Cutting-edge isotope analysis has enabled researchers to shed light on breakthrough solutions used by the Ancient Egyptian civilisation and, in particular, the origins of the Great Pyramid of Giza, the grandest landmark of the Cairo outskirts and one of the Seven World Wonders, as revealed by Amazon Prime’s “Egypt’s Unexplained Files”.

“Investigators begin considering how in a time before people know how to smelt iron, the ancients carve out the pyramid’s estimated 2.3 million stone blocks”, the programme on the world’s “first mega-monument”, Khufu’s Pyramid that has to date survived 4,500 years, recounts.

The series goes on to explain how isotope analysis was used on artefacts made of ancient copper, a relatively soft metal, to determine their origin – it was ultimately found to be from the Sinai Peninsula, hundreds of miles away from the pyramid.
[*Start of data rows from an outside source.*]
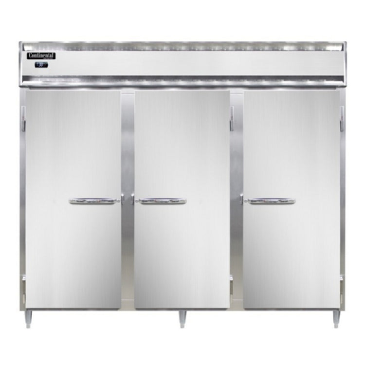 Continental Refrigerator, D3RENPT-SD-GD, Designer Line Wide Refrigerator, 75 cu. ft. capacity, pass-thru, 85-1/5" wide three-section, self-contained refrigeration, standard depth cabinet, electronic controller with digital display, wide full-height stainless steel doors on front, wide full-height glass doors on rear, aluminum exterior & interior, stainless steel front, 6" stainless steel legs, NEMA-5-15P, 1/2 HP, cETLus, NSF, Made in the USA
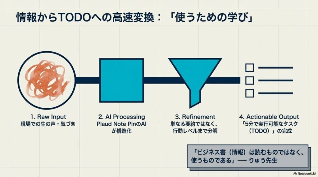 • TODOへの分解: 学んだ抽象的な哲学を、「実行可能なタスク」にまで分解します。
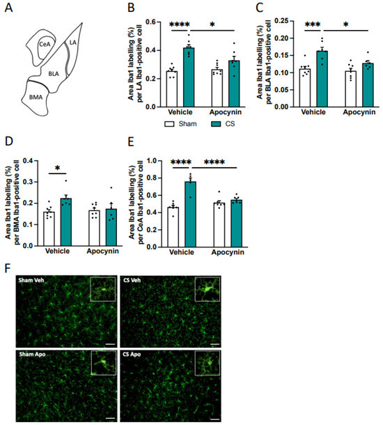Apocynin treatment restored the microglial area per cell in the amygdala nuclei following cigarette smoke (CS) exposure. (A) Schematic of amygdala nuclei. (B–E) Area Iba-1 labeling per Iba-1 positive cell. (B) Lateral amygdala (LA; n = 8 per group). (C) Basolateral amygdala (BLA). (D) Basomedial amygdala (BMA). (E) Central nuclei amygdala (CeA). (F) Representative photomicrographs of the LA from room air (sham) and CS-exposed mice. White inlet represents a single magnified microglial cell. Scale bars are 20 μm. Data are expressed as mean + SEM. * p < 0.05, *** p < 0.001, **** p < 0.0001.

This is where it was purportedly supplied from, as copper chisels tended to blunt or break easily when carving rock, and experts believe this “posed a significant logistical problem”, the narrator notes.

The realisation that Sinai was home to copper kickstarted “a whole mining enterprise” that fulfilled not only the demand for necessary tools to erect Khufu’s Pyramid, but also the tombs in the Valley of the Kings centuries later.